Riley is a splash of energy. He jumps in puddle after puddle, exploring, tasting, then always running back to me in the house, wanting to share what he’s found. I run around the house with towels and wet cloths, covering furniture, rolling up the rug, trying to grab him in a towel before he ventures too far inside. He wriggles around in a towel before bouncing back outside. We tangle on the floor, and he licks my nose, and there are paw prints on my shirt.

I’ve failed. There are streaks of mud across the floor and a pile of towels that need washing.

And it looks a lot like happiness.

You can have happiness, or prettiness, but not always both.

And sometimes I choose prettiness. I wind the windows up when I’ve just had my hair done. I refuse the walk when I’m wearing new shoes. I take the photo at the beginning of the night, when it should be taken at the end, with messy hair and a voice hoarse from laughing.

And that’s ok.

But mostly, I wind the windows down, I let the puppy in.

I get my shorts wet.

Last weekend, we took Riley to the beach on Bribie Island. It’s a stretch of doggy paradise and there were lots of families there. Running. Throwing balls. Making memories.

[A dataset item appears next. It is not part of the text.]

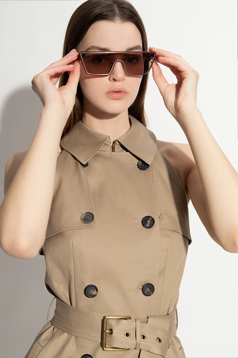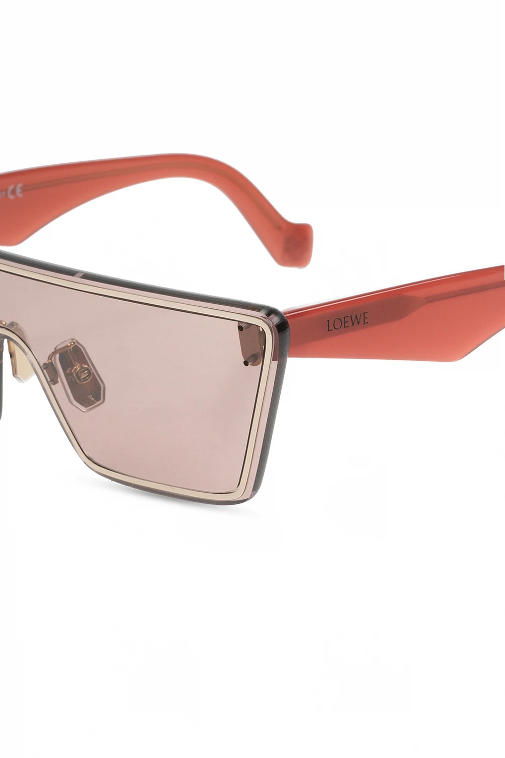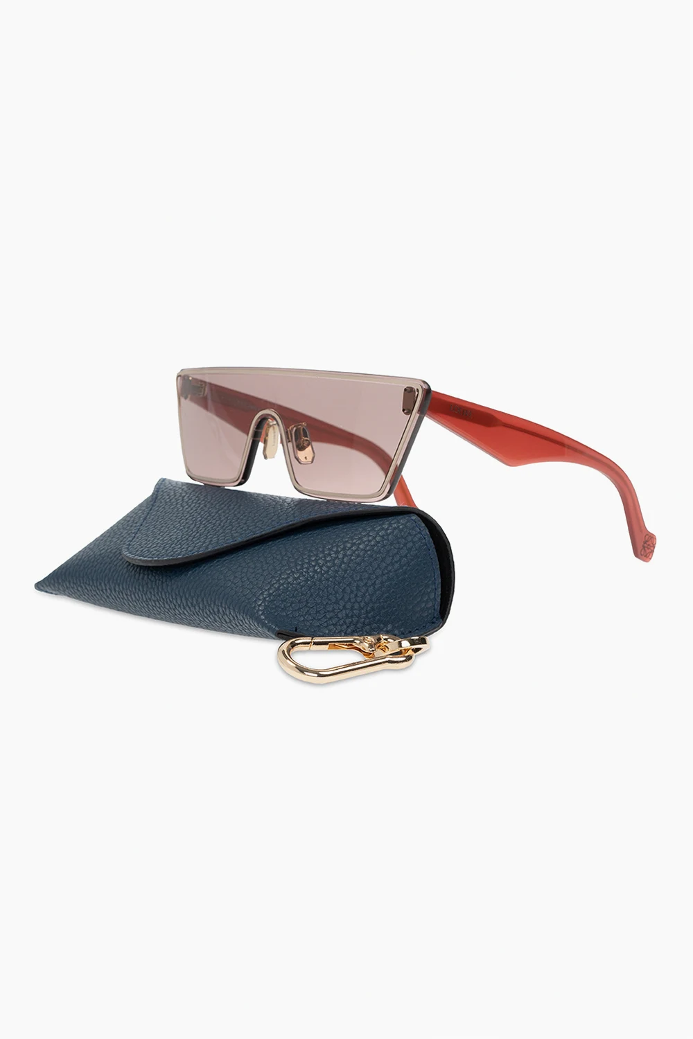 Czerwone okulary przeciwsłoneczne Loewe. Z boku wytłoczone logo. Brązowe, certyfikowane soczewki 100% UVA/UVB. Dołączone etui.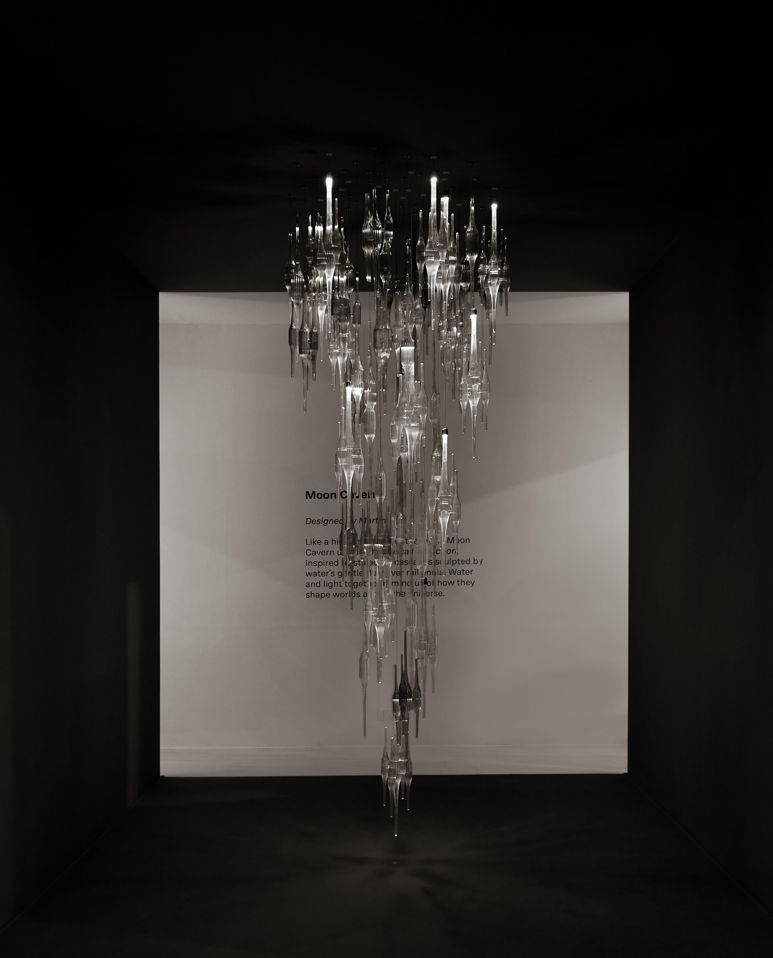 Like a hidden lunar sanctuary, the Moon Cavern unveils the Cascali collection, inspired by stalactite cascades sculpted by water’s gentle flow over millennia. Water and light together remind us of how they shape worlds across the universe.

Riley’s a water puppy. He ran straight for the sea, testing out the waves for the first time, getting bowled over but getting straight back in there. The water looked inviting. But it was winter and I hadn’t brought my swimmers with me.

But I leapt in after him. And with the ocean around my legs, splashing and chasing a puppy, squealing as the waves hit, hearing David laugh, and then driving home sitting on a towel with sand on my legs and a lightness in my heart…

…yes – I’d say happiness looks a lot like a wet pair of shorts.